What is Accidental Death and Dismemberment Insurance (AD&D)?
Accidental Death and Dismemberment Insurance (AD&D) is an insurance policy that pays out to beneficiaries in the events of accidental death or dismemberment. Dismemberment includes full or partial loss of bodily functions, such as sight, hearing, or use of a limb.
Accidental death and dismemberment insurance (AD&D) is an insurance policy that pays out to beneficiaries in the events of accidental death or dismemberment.
Accidental deaths include deaths resulting from falls, homicide, motor vehicle/heavy equipment accidents, and drowning.

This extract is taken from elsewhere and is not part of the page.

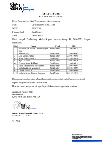 prabowo, gatot Surat Tugas PA Genap 2024. INSTITUT KESENIAN JAKARTA.

Dismemberment refers to the loss of an appendage, hearing, sight, or other bodily functions.
How AD&D Insurance Works
AD&D insurance will outline a schedule with the terms of the agreement. It includes the timeframe covered under the insurance and the percentages of benefits. Generally, a full payout will only occur in the event of death, and dismemberment will result in a partial payout.
A range of payout situations will be outlined by the insurance company on a tiered basis. For example, loss of sight in one eye may result in a partial payout relative to the full loss of sight. As with all insurance contracts, the premium paid will be related to the risk of the insured party. AD&D insurance is usually offered through an employer; however, it can be purchased on an individual basis.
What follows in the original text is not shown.